The material was screened at multiple trial sites located between the Liverpool Plains and Central Queensland.

The best-performing material was crossed into three northern wheat varieties, with the population derived from the cross with EGA Gregory also used to genetically map lodging propensity in the form of quantitative trait loci (QTL). A total of 14 QTL were identified that associate with lodging (but not with height or flowering).

lodging root traitWheat roots in the paddock before washing. Ian Lee Long (left) and Michael van Drie demonstrated the ball of soil around the root plate. Photo: Darius Koreis, CSIRO

At the completion of the project, germplasm and DNA markers were made available to breeders to select for these QTLs.

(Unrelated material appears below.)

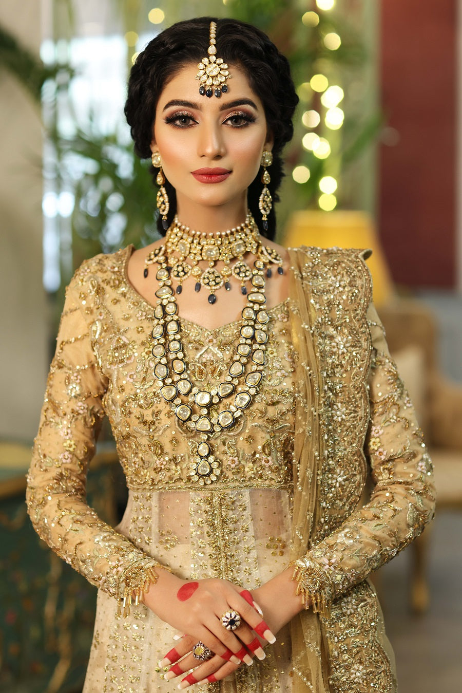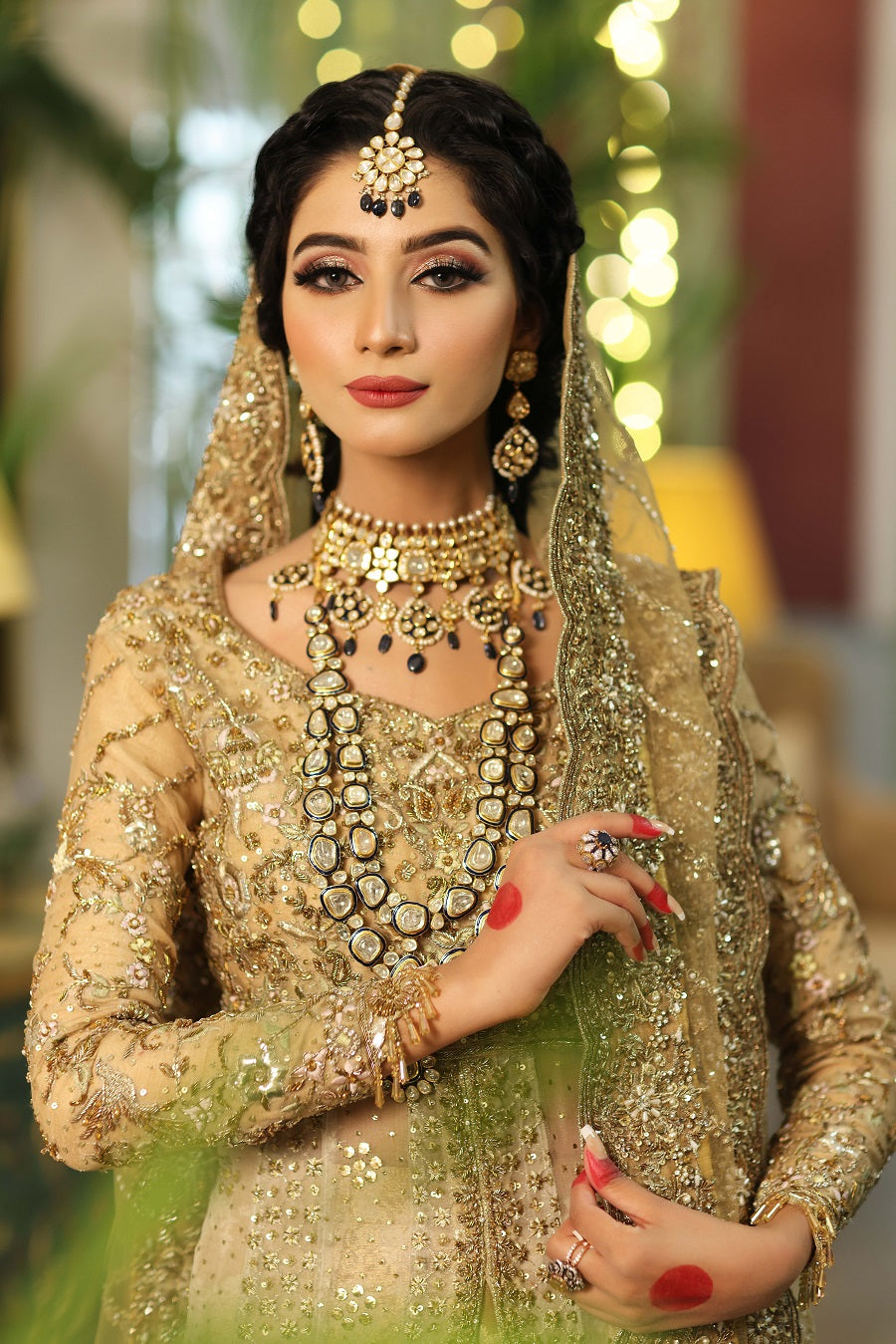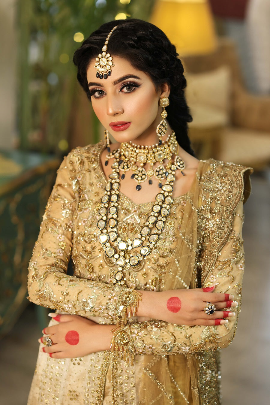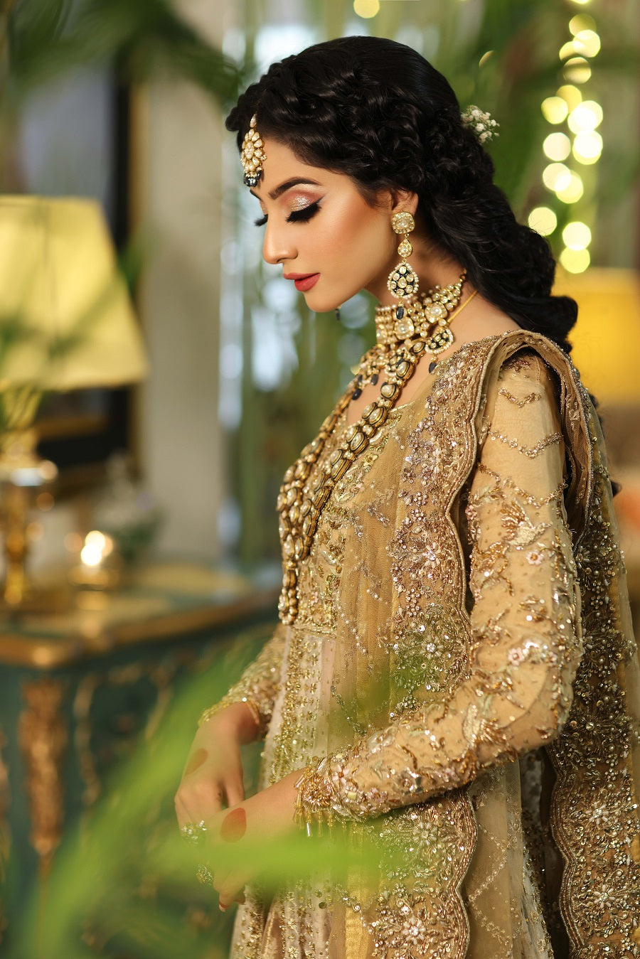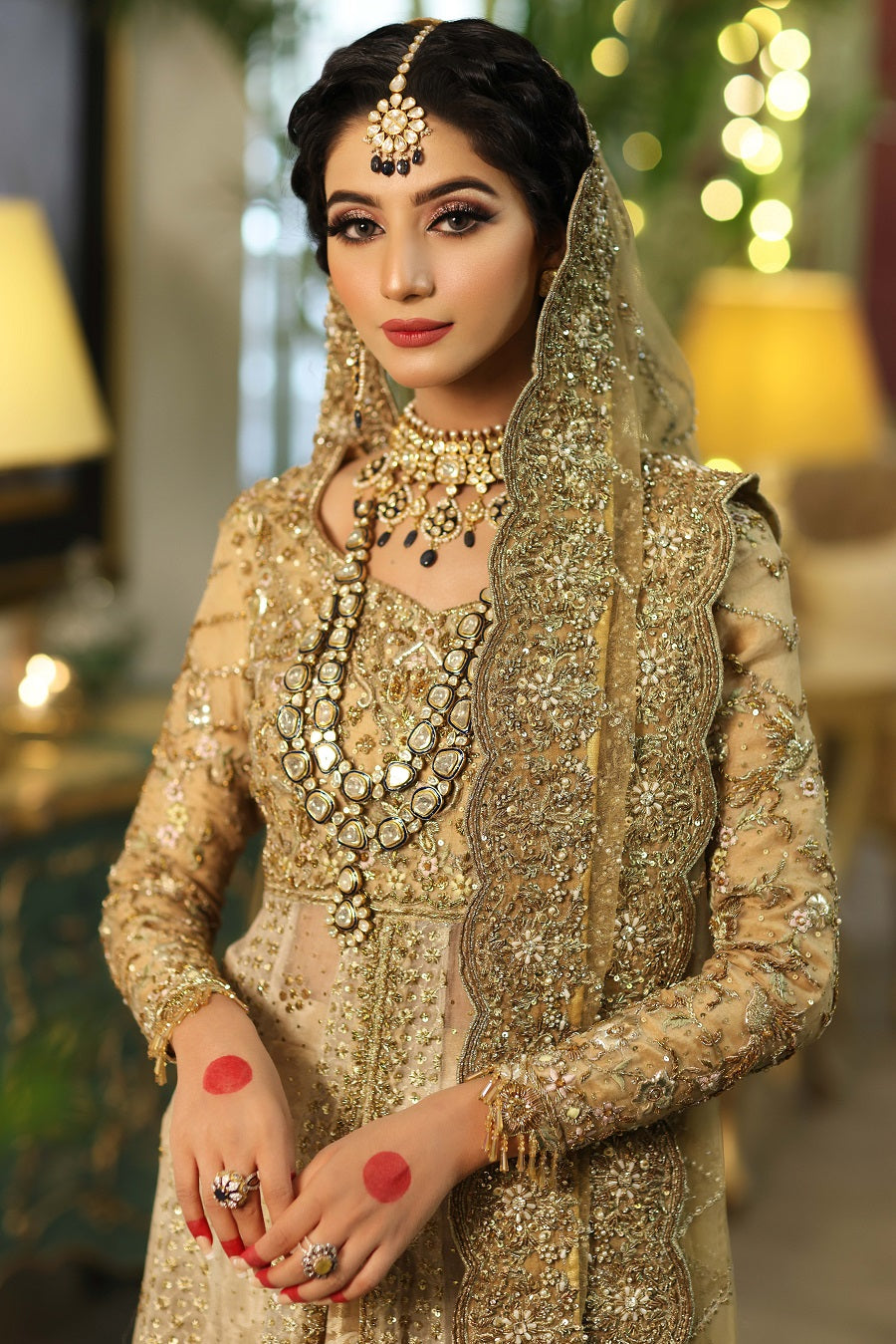 A lush gold kalidar paired with a pale peach mukaish dupatta. Worked with mukaish, sitara, kora and dabka work.

Mindful that the QTLs vary in the strength of their effect, Dr Dreccer suggests combining a small number of the stronger QTLs as they alone are known to greatly diminish the incidence of lodging.

“Despite lodging being such a complex trait, it was satisfying to see that genetic gain was possible in high-yielding backgrounds,” Dr Dreccer says.

“Uptake of germplasm and DNA markers by breeders will hopefully see the trait make its way into commercial cultivars in the near future.”

Adoption of the lodging resistance genetics has an additional benefit: breeders are now able to keep raising yield potential without running the risk of making crop losses from lodging worse.

Dr Dreccer also stresses that advances made in the GRDC project were the result of a concerted team effort. Within CSIRO, that included Tony Condon, Lynne McIntyre, Mary Anne Awasi, Greg Rebetzke and many more. Bethany Macdonald, Gabriela Borgognone and Valeria Paccapelo from the north node of Statistics for the Australian Grains Industry provided high-end expertise in biometrics. Kerrie Forrest from Agriculture Victoria was also involved with QTL discovery efforts.